If that’s true and real Fleur needs to come out more then I have some questions: How do I show more of real Fleur? How do I lose the bravado? What parts are bravado and what parts are me? Why would I want to let go of it? Am I ready to be that vulnerable and human?
Each question leads to its own set of questions. Take ‘how do I show more of real Fleur?’ for example. This brings up a bunch of further questions because part of this whole journey for me is that I don’t really know who real Fleur is! How can I start revealing her in a more authentic way to new people if I don’t understand who she is? What she’s like? What hurts her? What makes her strong? What does she enjoy? What does she dislike?

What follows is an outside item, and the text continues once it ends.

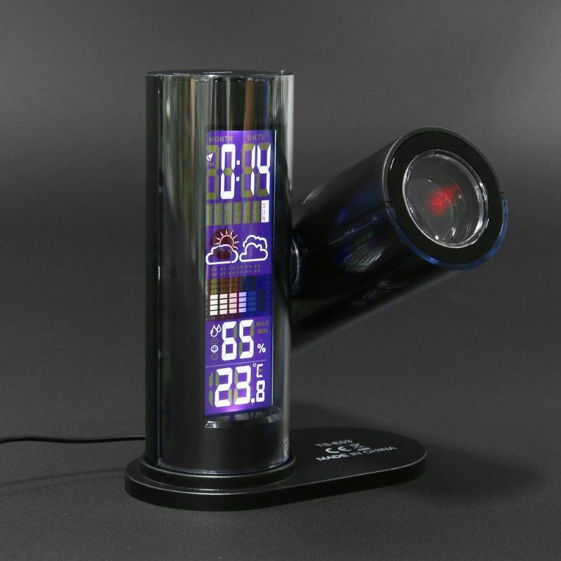 Funções: termómetro, higrómetro, previsão do tempo, despertador, calendário, projeção de hora

The second two are kind of linked; how do I turn the bravado off and what parts are bravado and what parts are me? These two are hard to deal with because if I am not careful I will end up questioning every single thing I do and be in danger of losing all sense of self completely.

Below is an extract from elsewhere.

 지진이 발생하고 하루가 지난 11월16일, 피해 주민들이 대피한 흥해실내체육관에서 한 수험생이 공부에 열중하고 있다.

I guess I should really start by defining what bravado is. Wikipedia suggests it can be ‘a pretence of bravery’ or ‘the quality or state of being foolhardy’ or ‘a blustering swaggering conduct’. By those definitions then, what sort of behaviour could we define as bravado? Parading around at clubs in scanty clothing? Sure! Trying to be super funny in social settings? Check! Not letting on when you’re hurt by someone else’s behaviour? Definitely! Acting like you are a commodity in a transaction because you don’t dare to hope you’re a friend? Yes! Keeping up the respectable, predictable job that is killing you because you are scared of being called a failure? Absolutely!
All of this stuff really really hurts to think about. Putting on a show of being happy so people don’t see how sad I am, strutting around like king shit so people don’t realise how insecure I am, laughing loudly and heartily at goofs I make when inside I feel like I might die of shame, wanting to be the best at everything and not accepting anything less because I am convinced that I have to be good at something for people to like me.
The other question that is probably the clincher is how much of the show is for other people and how much is for me? How much of the persona has been grown as a way of telling myself that I’m ok? How much is to keep others out and how much to keep myself together? If I’m really honest with myself a lot of the bravado is for me and maybe it’s only a side effect that it keeps people from seeing all that stuff inside.
I have to start experimenting with being gentler, being more vulnerable, more sensitive, more genuine and more honest with myself and others. It seems like a hard road, but life is not meant to be easy. Or so they say.